▶ **WORK REQUEST**:
An exact copy of the data is required, with no pictures in it.

▶ **SOURCE MATERIAL**:
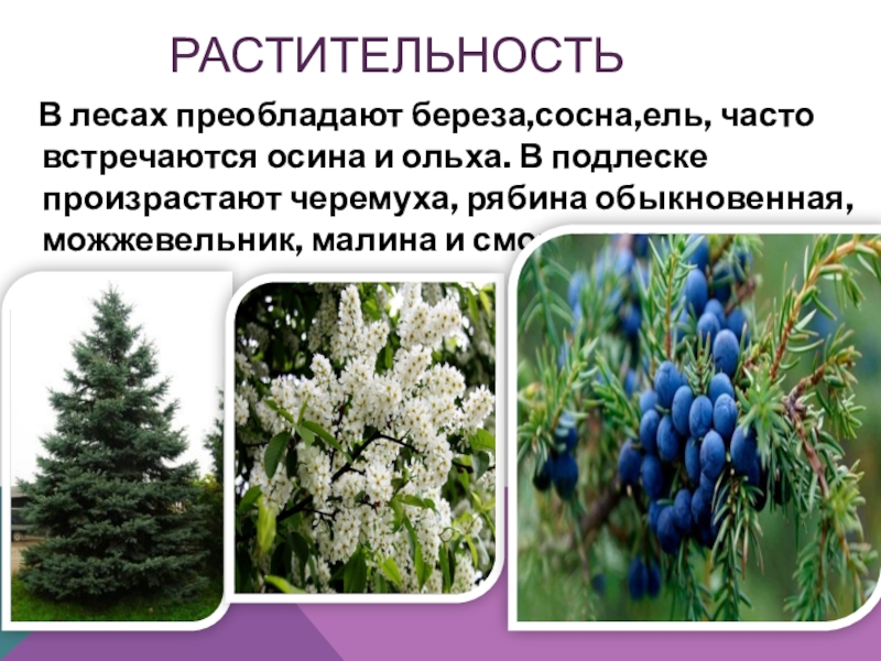 и ольха. В подлеске произрастают черемуха, рябина обыкновенная, можжевельник, малина и смородина.
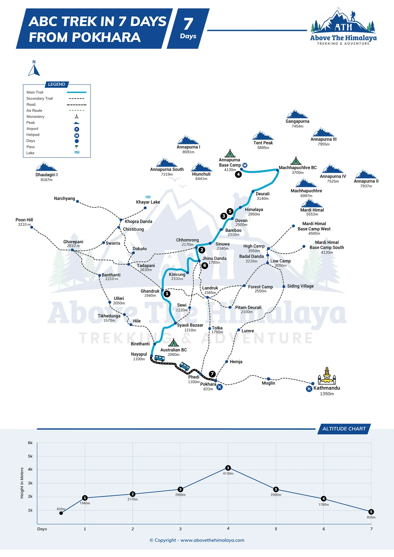 The ABC trek starts from Pokhara town at 822 m altitude and ends at Annapurna Base Camp at 4130 m. The round trip is approximately 74.2 km in Pokhara. An average of 15 km and 4 to 7 hours of walking is required daily. The total duration of the walk is seven days.
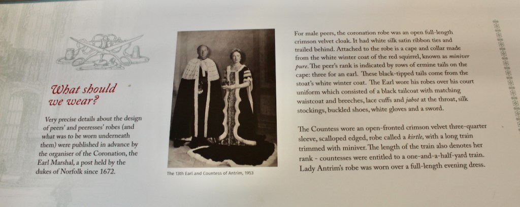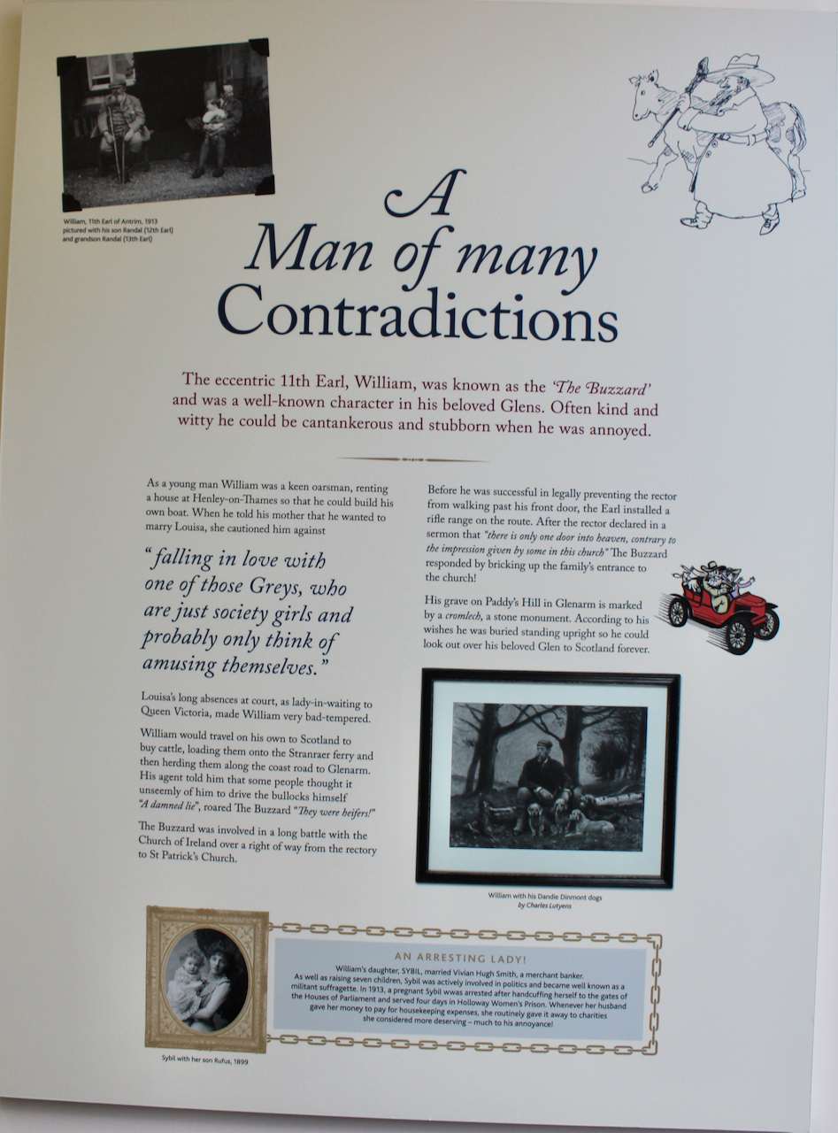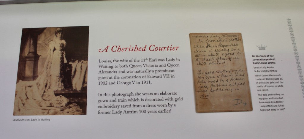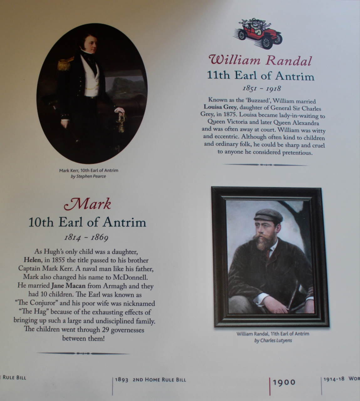 Mark’s son William Randal McDonnell (1851-1918) succeeded as 6th/11th Earl of Antrim. He held the office of Deputy Lieutenant (D.L.) of County Antrim. In the information panel in the museum at the castle, he is referred to as the 11th Earl. He married Louisa Jane Grey. She held the office of a Lady of the Bedchamber to Queen Victoria between 1890 and 1901.

▶ **WRITTEN REPLY**:
 и ольха. В подлеске произрастают черемуха, рябина обыкновенная, можжевельник, малина и смородина.
 The ABC trek starts from Pokhara town at 822 m altitude and ends at Annapurna Base Camp at 4130 m. The round trip is approximately 74.2 km in Pokhara. An average of 15 km and 4 to 7 hours of walking is required daily. The total duration of the walk is seven days.
 Mark’s son William Randal McDonnell (1851-1918) succeeded as 6th/11th Earl of Antrim. He held the office of Deputy Lieutenant (D.L.) of County Antrim. In the information panel in the museum at the castle, he is referred to as the 11th Earl. He married Louisa Jane Grey. She held the office of a Lady of the Bedchamber to Queen Victoria between 1890 and 1901.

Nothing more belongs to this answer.